Pandemic ‘under control’ in France

The COVID-19 pandemic is now “under control” in France, the head of the government’s scientific advisory council said Friday, as the country cautiously lifts the lockdown imposed in March to contain the outbreak.

“The virus is still circulating, in certain regions in particular… but it is circulating slowly,” Jean-Francois Delfraissy told France Inter radio.

“Where we had tens of thousands of cases a day, around 80,000 new cases per day in early March, before the lockdown, we estimate we now have around 1,000 cases,” he said.

Fiji now coronavirus-free

Fiji announced it was coronavirus free Friday after the island nation’s last known infected patient was given the all-clear, continuing the Pacific’s remarkable record of success against the virus.

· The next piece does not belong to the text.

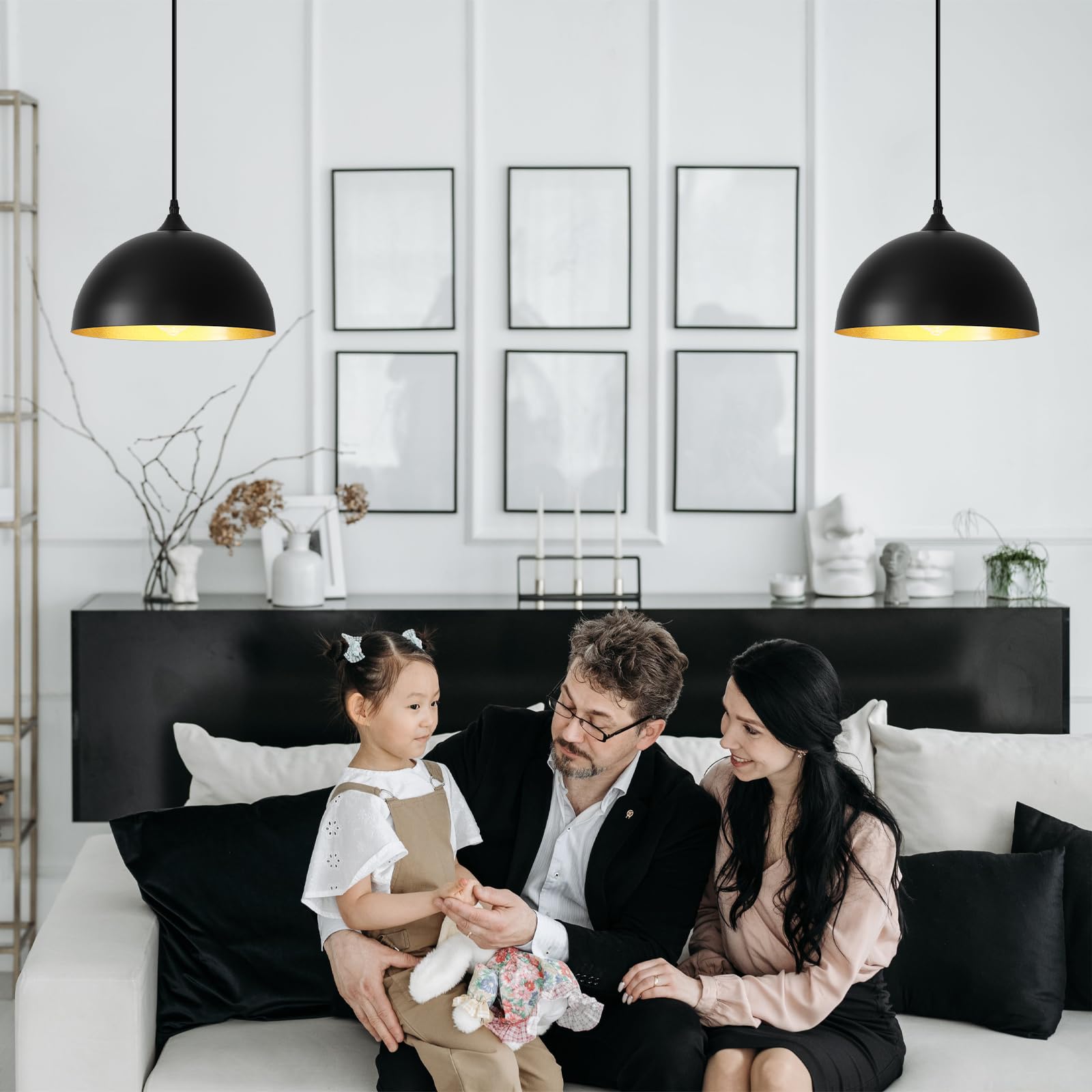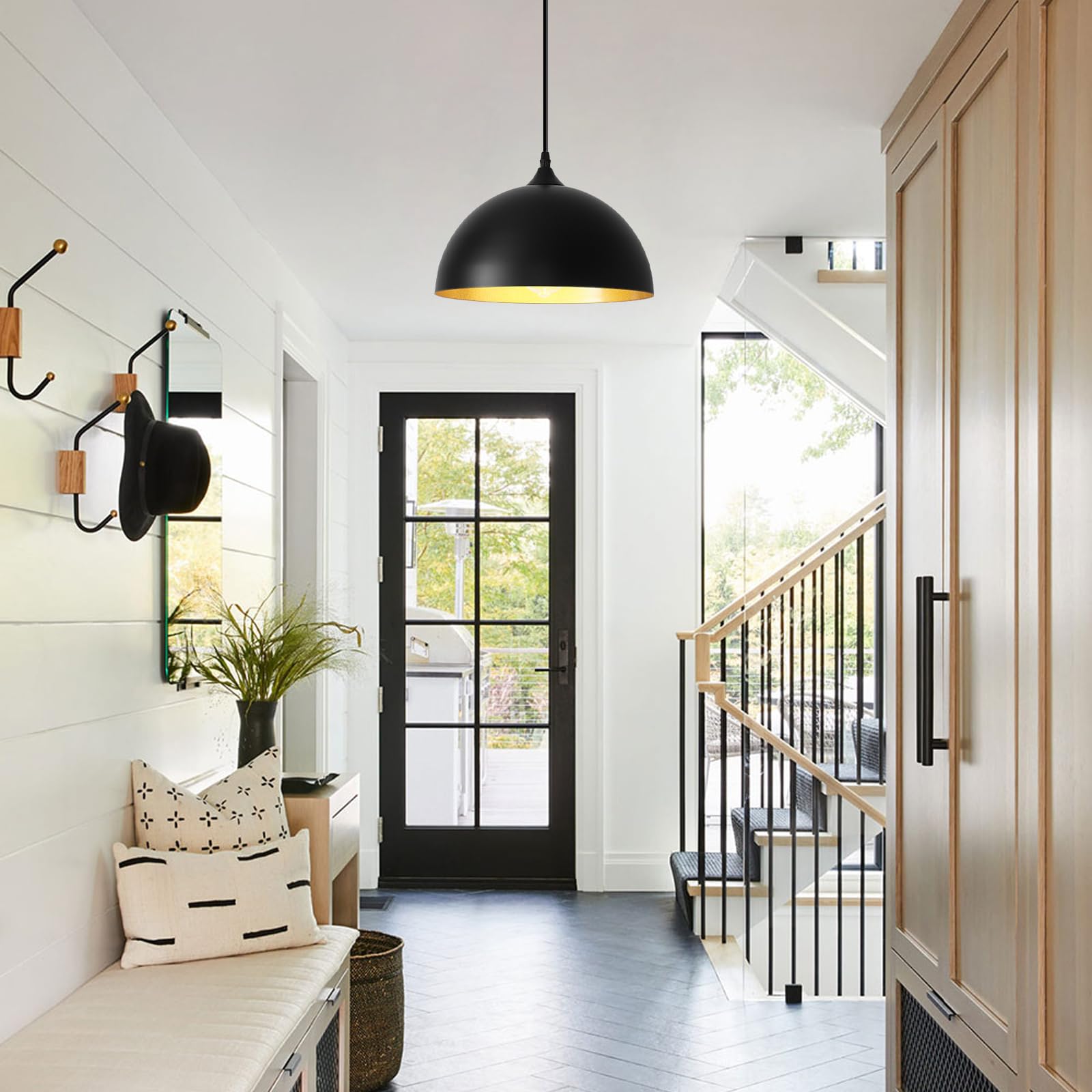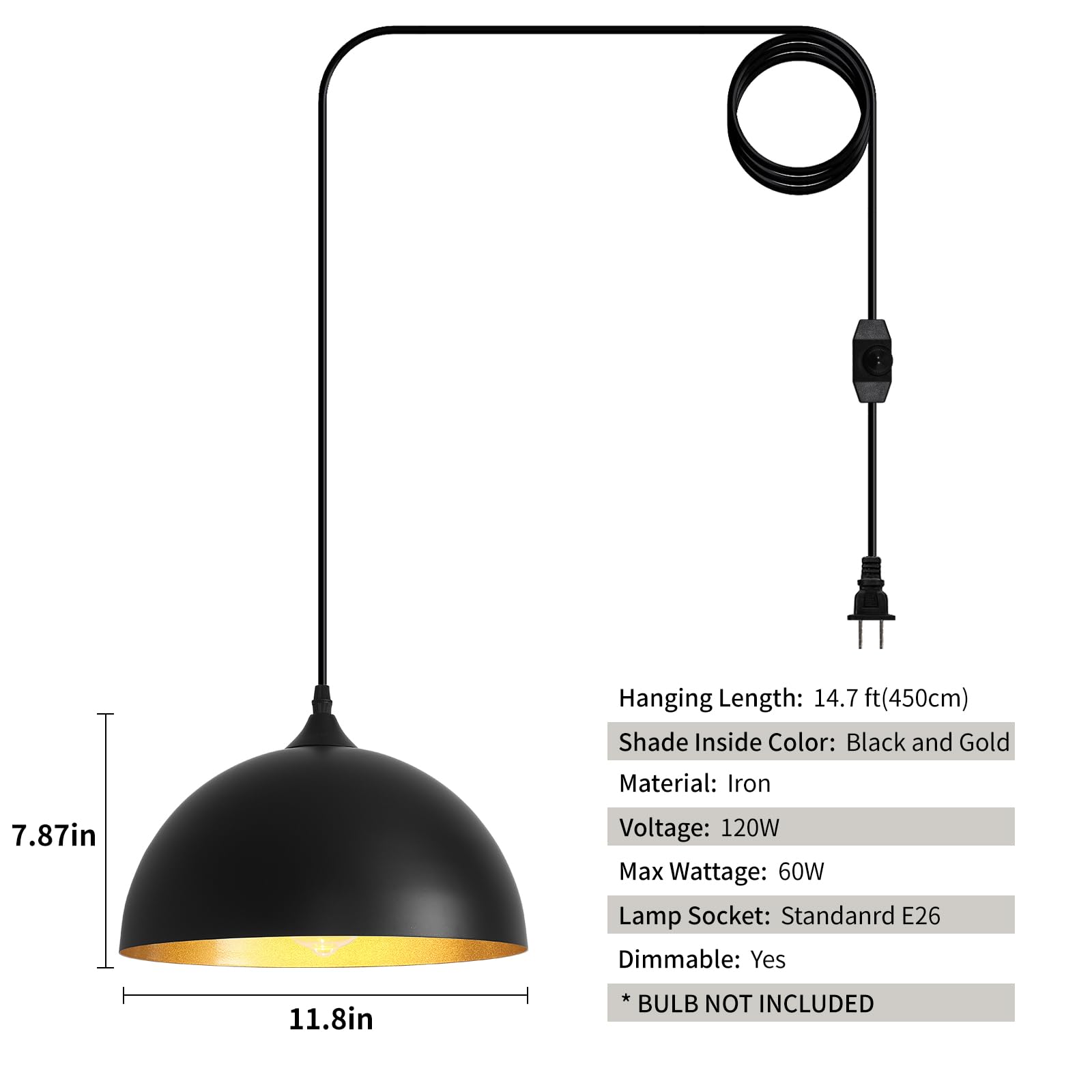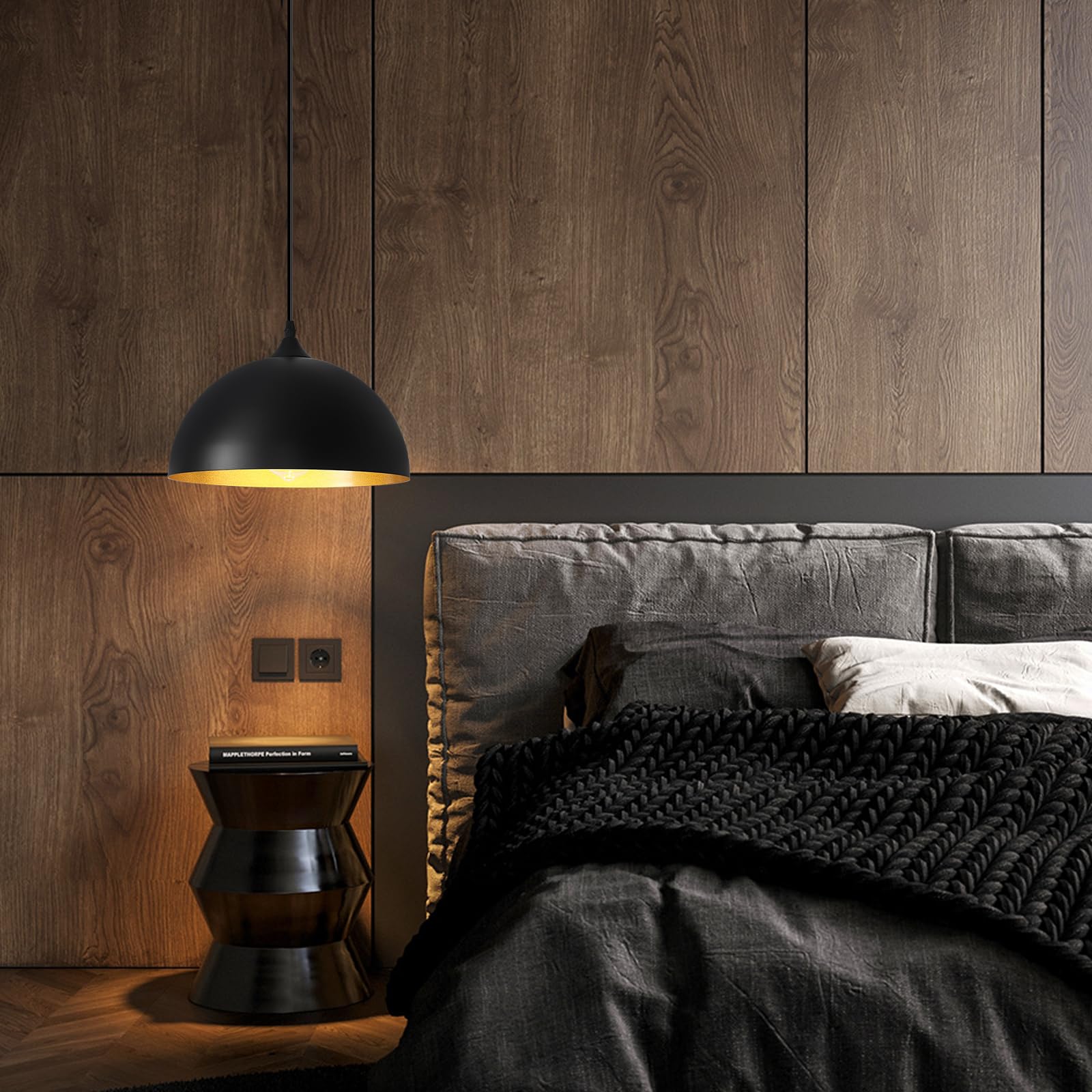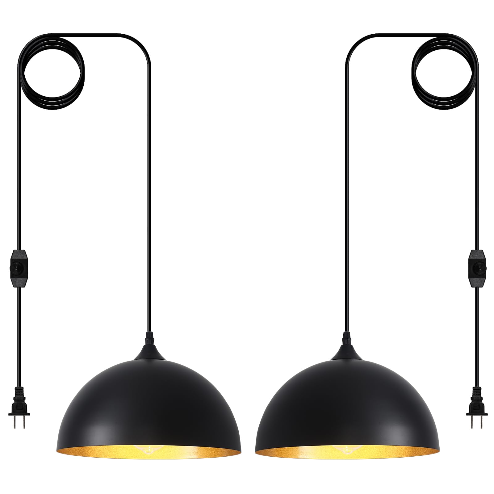 - Perfect Design:This 2 packs plug in pendant light combines both vintage and industrial styles. This farmhouse pendant light is black on the outside and gold on the inside. They are perfect for Kitchen, Bedroom, Living Room, Dining Room,Hallway

There was panic among Fiji’s 930,000 population when the first COVID-19 case was reported in mid-March, but strict isolation measures and border controls kept a lid on infections, which peaked at 18 confirmed cases.

Prime Minister Frank Bainimarama attributed the country’s virus-free status to “answered prayers, hard work, and affirmation of science.”

“Fiji has just cleared the last of our active COVID-19 patients,” he tweeted. “And even with our testing numbers climbing by the day, it’s now been 45 days since we recorded our last case. With no deaths, our recovery rate is 100 percent.”